## Material provided:
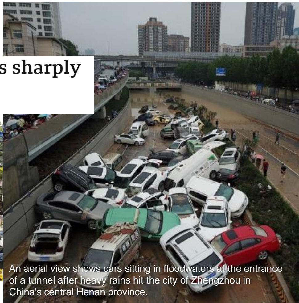
An aerial view shows cars sitting in floodwaters at the entrance of a tunnel after heavy rains hit the city of Zhengzhou in China's central Henan province.
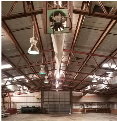
Show barn at the Ottawa County Fairgrounds

$15,000. Two fans, signage and installation costs.
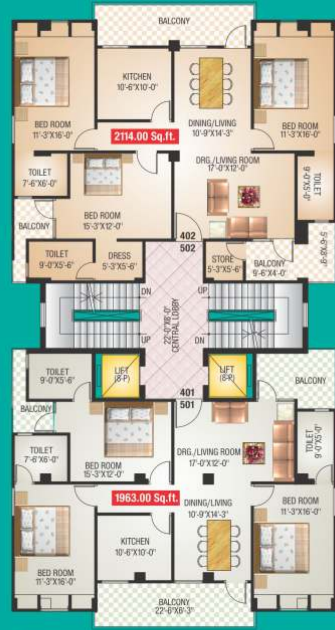
Super Builtup Area Less 20% FOURTH & FIFTH FLOOR PLAN
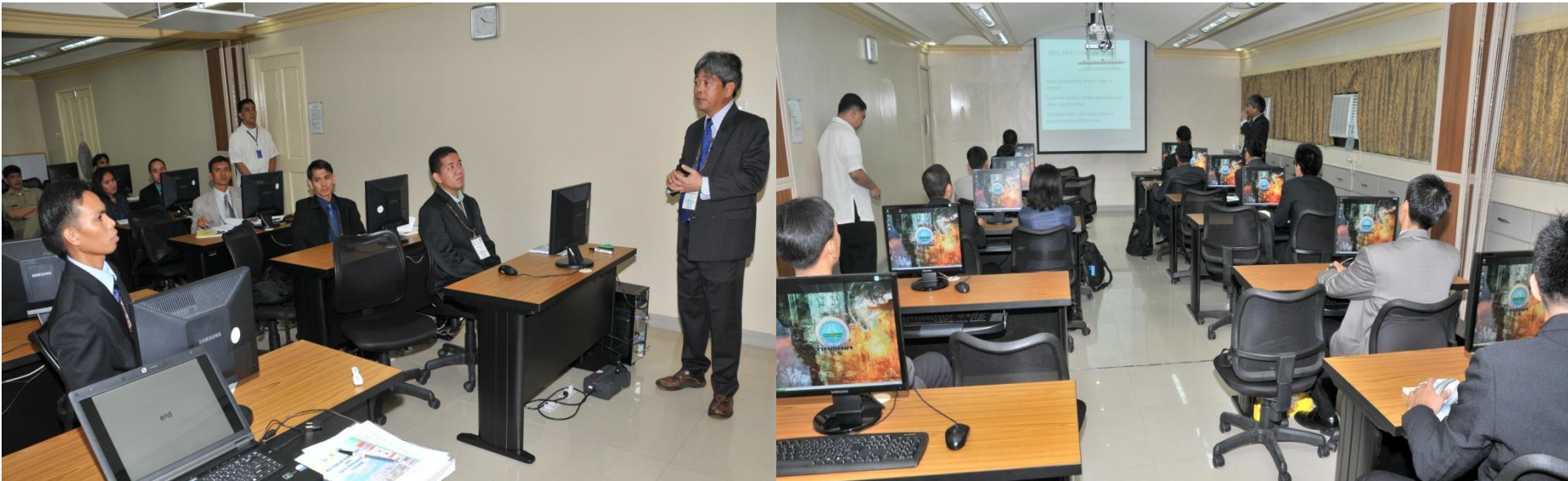
MULTIBEAM COURSE PARTICIPANTS AT THE TRAINING ROOM
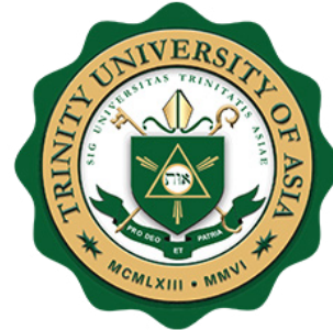
Trinity University of Asia - St. Luke's College of Nursing Quezon City, Philippines
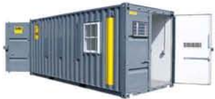
20' OFFICE COMBO
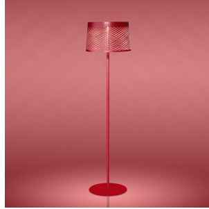
Twiggy Grid Lettura
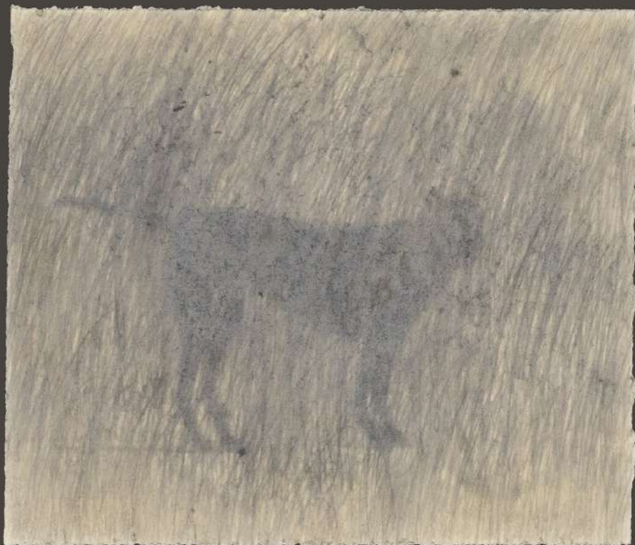
The Dogs (Ghost) 野狗(鬼影) 2025

Graphite on paper, beeswax 石墨绘于纸本, 蜂蜡 Grey pinewood frame with museum glass 灰色松木框配博物馆级玻璃 17(H)*19.5cm | Framed 47(H)*62*4.5cm LYT_5394
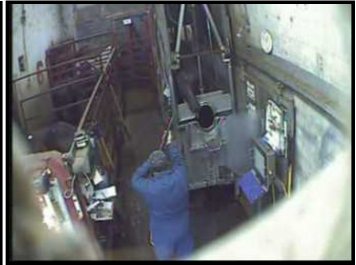
Horse 66 being shot a 2 nd time, can see impact of bullet on left side of forehead
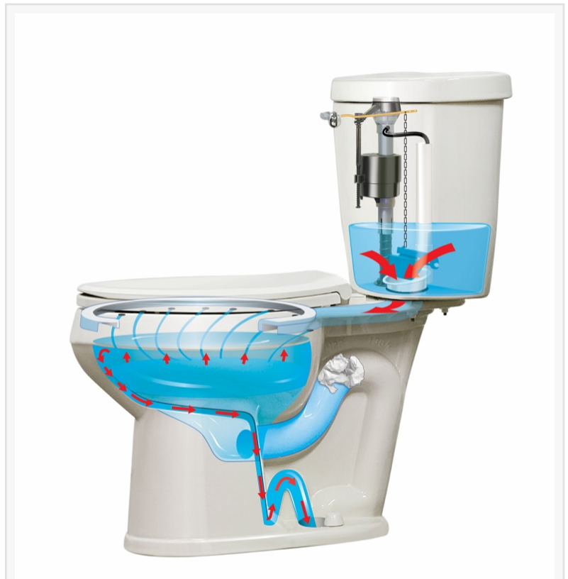
Protector No-Overflow toilet from Mansfield Plumbing.

Summit toilets all feature the Mansfield three-bolt tank-to-bowl SmartFasten™ system to prevent leaking and rocking, plus high performance MagnaFlush™ flushing technology. The toilets can flush 1,000 grams MaP and come in three low water consumption options: 1.6 Gpf, 1.28 Gpf and a dual flush of 1.1/1.6 Gpf.
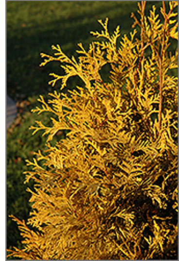
Yellow Ribbon Arborvitae in fall

This shrub does best in full sun to partial shade. It prefers to grow in average to moist conditions, and shouldn't be allowed to dry out. It is not particular as to soil type or pH. It is somewhat tolerant of urban pollution, and will benefit from being planted in a relatively sheltered location. Consider applying a thick mulch around the root zone in winter to protect it in exposed locations or colder microclimates. This is a selection of a native North American species.
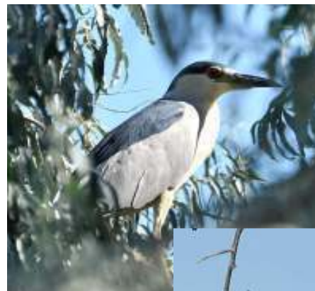
Black Crowned Night Heron
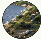
SOM MISSIONS $5,855.00
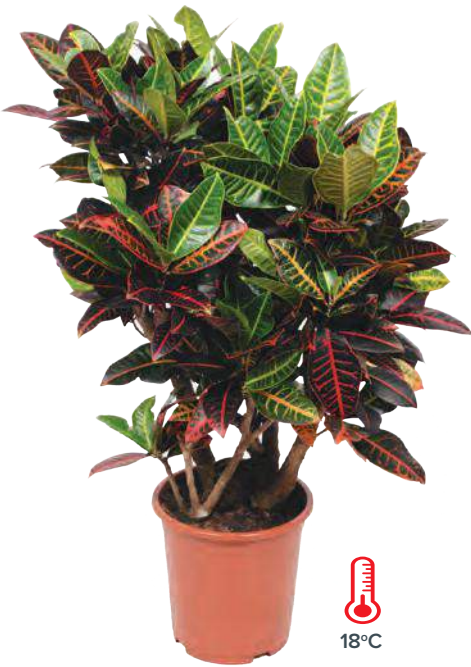
Codiaeum variegatum "Petra"
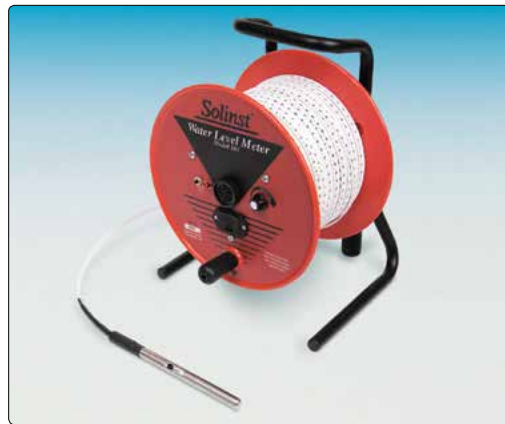
• Solinst Model 101 Water Level Meter.
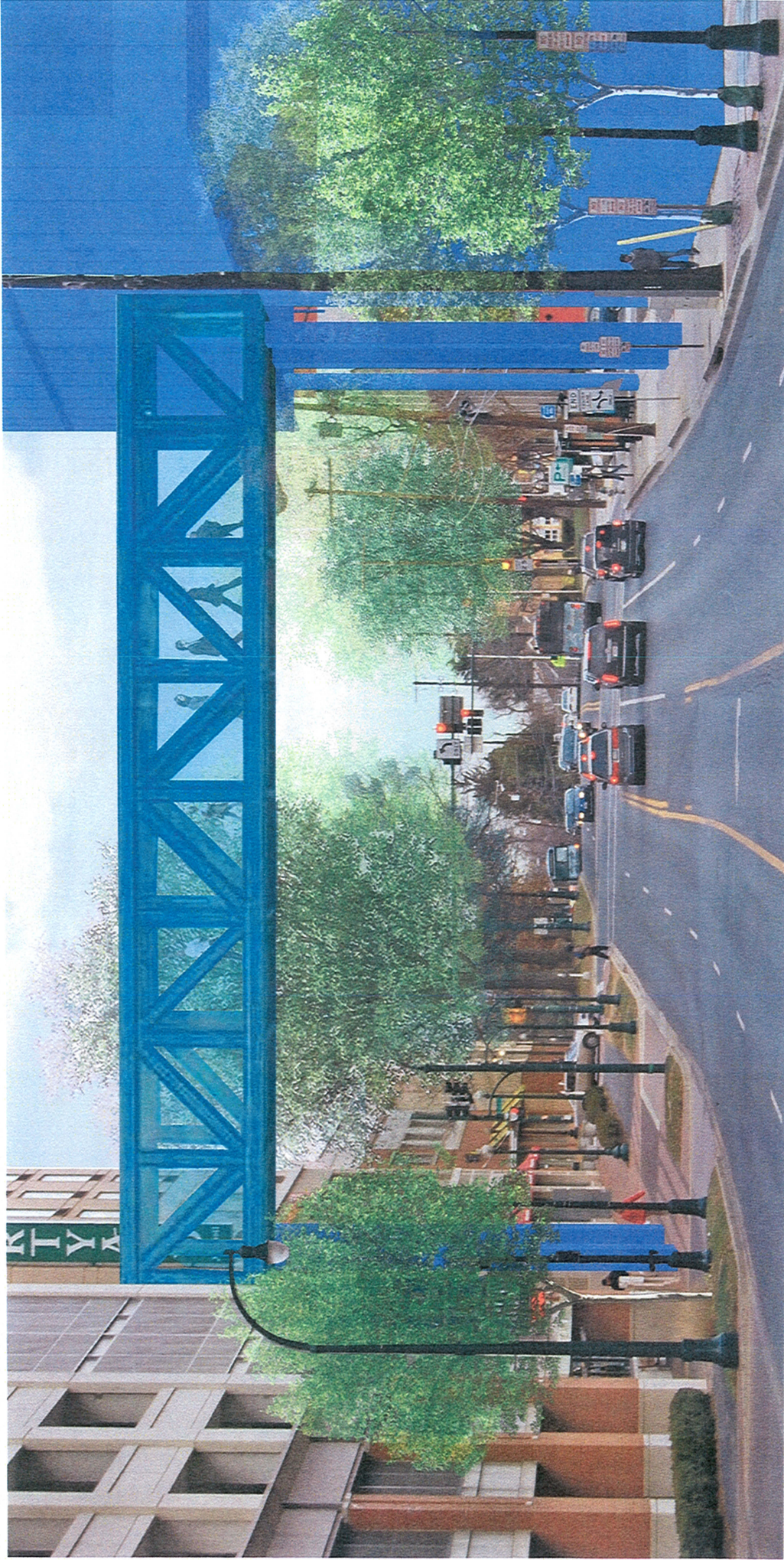
Pedestrian Bridge Alternative
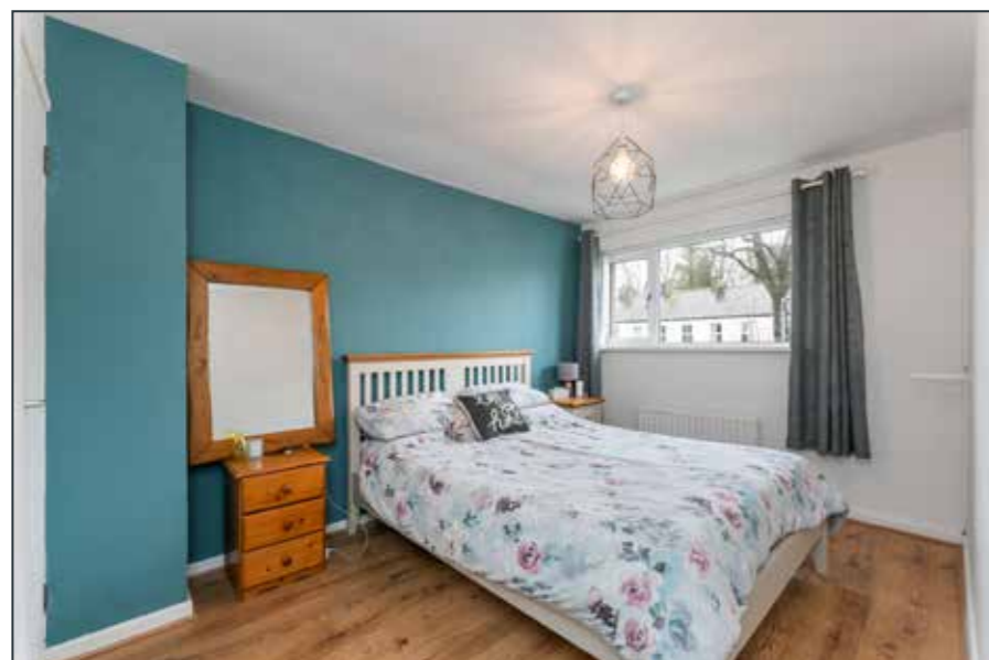
BEDROOM (1): 10' 5" x 8' 8" (3.18m x 2.64m) Polished laminate floor, view to the Mill Village to the rear.
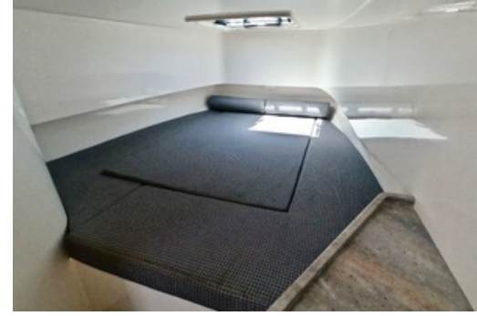
2019 39 FA Contender Berth (1)
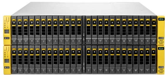
HPE 3PAR StoreServ 8000 Storage (4-Node Storage Base)
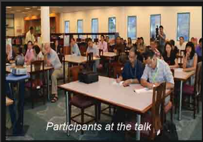
Participants at the talk
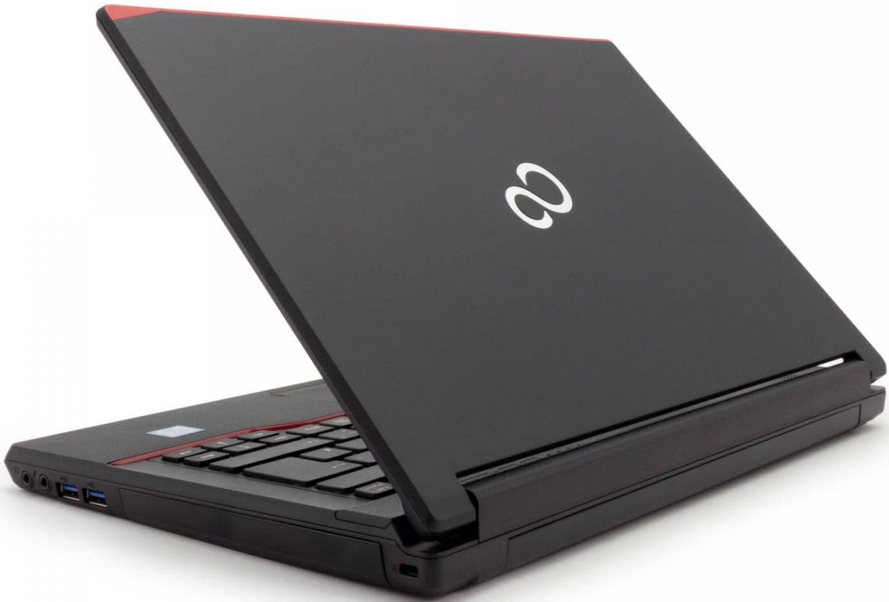
Image: Fujitsu LIFEBOOK E546 laptop open, viewed from an angle, showing the keyboard and screen. The power button is typically located near the keyboard.

and press the power button, typically located near the keyboard. The system will guide you through the initial Windows 10 setup process, including language selection, network connection, and user account creation.
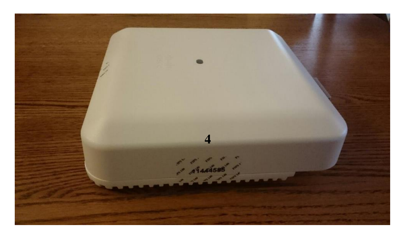
Cisco Aironet 2802i and 3802i tamper label placement (Front, Back, Left, Right)
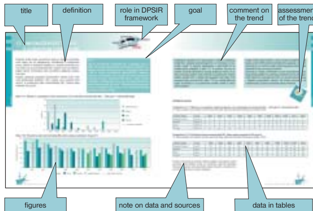
Figure 2: The demonstration of selected indicators and its structure

For the purposes of preparing the "Environmental Indicators" publication numerous data were collected that was taken from the databases of both the EARS as well as sources maintained at other relevant institutions (e.g. the Statistical Office of the Republic of Slovenia, the Agency of the Republic of Slovenia for Agricultural Markets and Rural Development, the Chamber of Commerce and Industry of the Republic of Slovenia, etc.). The reports obtained through the data analysis and integration, and accompanied by expert opinions may serve as a support for decision-makers in their political deliberations. Furthermore, they may also present an integral part of the public's right to be informed on the state of the environment and the efficiency of environmental policies.
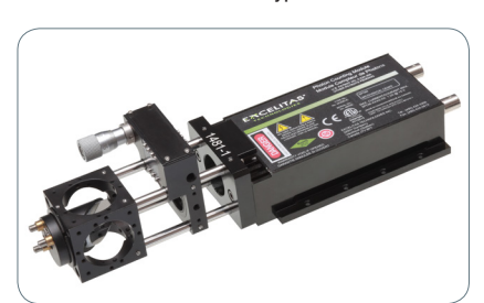
Application example of the SPCM Connector Kit MB (SPCM with bracket not included)
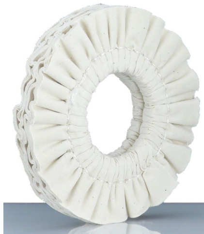
Art:1855 Schwabbelscheibe Tuch Fabric buffering wheel 160x25x55 mm
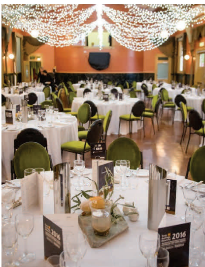
Left: The Memorial Hall looked resplendent for the Awards Dinner
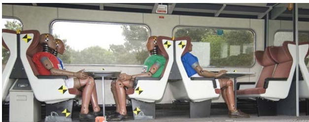
Figure 6. Train Interior Passive Safety – before testing

Safety of the locomotive driver and passengers can be also optimized by means of numerical modeling and practical tests with human models. Interaction between interior objects of passenger carriages and passengers in case of clash is determined by means of computer modeling on human models (Fig. 6, Fig. 7). Special program developments allow designing systems of control.
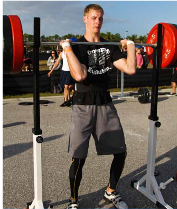
Omar Torres/Omar Torres Photography

Power cleans and front squats Full cleans Jerks from the rack Back squats Shrugs with a clean grip
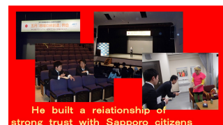
He built a relationship of strong trust with Sapporo citizens
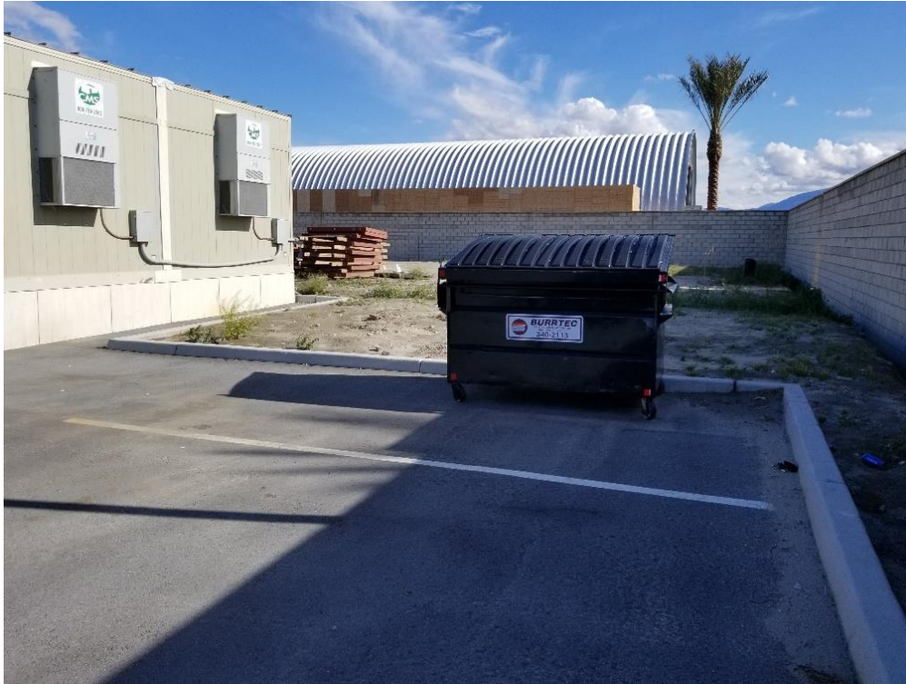
“No Trash Enclosure” - Trash bin is stored in the open parking area.

As noted above, numerous Conditions of Approval of CUP 312 are being violated. Due to this noncompliance, as authorized by Section 17.84.070(D) and Section 17.74.050(B)(1) of the Coachella Municipal Code, revocation of CUP 312 is determined the appropriate City response.

## Task:
Repeat, word for word, the lines of the material above from the one holding "This shrub does" through the one holding "For the purposes". Leave out pictures.

## Response:
This shrub does best in full sun to partial shade. It prefers to grow in average to moist conditions, and shouldn't be allowed to dry out. It is not particular as to soil type or pH. It is somewhat tolerant of urban pollution, and will benefit from being planted in a relatively sheltered location. Consider applying a thick mulch around the root zone in winter to protect it in exposed locations or colder microclimates. This is a selection of a native North American species.
Black Crowned Night Heron
SOM MISSIONS $5,855.00
Codiaeum variegatum "Petra"
• Solinst Model 101 Water Level Meter.
Pedestrian Bridge Alternative
BEDROOM (1): 10' 5" x 8' 8" (3.18m x 2.64m) Polished laminate floor, view to the Mill Village to the rear.
2019 39 FA Contender Berth (1)
HPE 3PAR StoreServ 8000 Storage (4-Node Storage Base)
Participants at the talk
Image: Fujitsu LIFEBOOK E546 laptop open, viewed from an angle, showing the keyboard and screen. The power button is typically located near the keyboard.

and press the power button, typically located near the keyboard. The system will guide you through the initial Windows 10 setup process, including language selection, network connection, and user account creation.
Cisco Aironet 2802i and 3802i tamper label placement (Front, Back, Left, Right)
Figure 2: The demonstration of selected indicators and its structure

For the purposes of preparing the "Environmental Indicators" publication numerous data were collected that was taken from the databases of both the EARS as well as sources maintained at other relevant institutions (e.g. the Statistical Office of the Republic of Slovenia, the Agency of the Republic of Slovenia for Agricultural Markets and Rural Development, the Chamber of Commerce and Industry of the Republic of Slovenia, etc.). The reports obtained through the data analysis and integration, and accompanied by expert opinions may serve as a support for decision-makers in their political deliberations. Furthermore, they may also present an integral part of the public's right to be informed on the state of the environment and the efficiency of environmental policies.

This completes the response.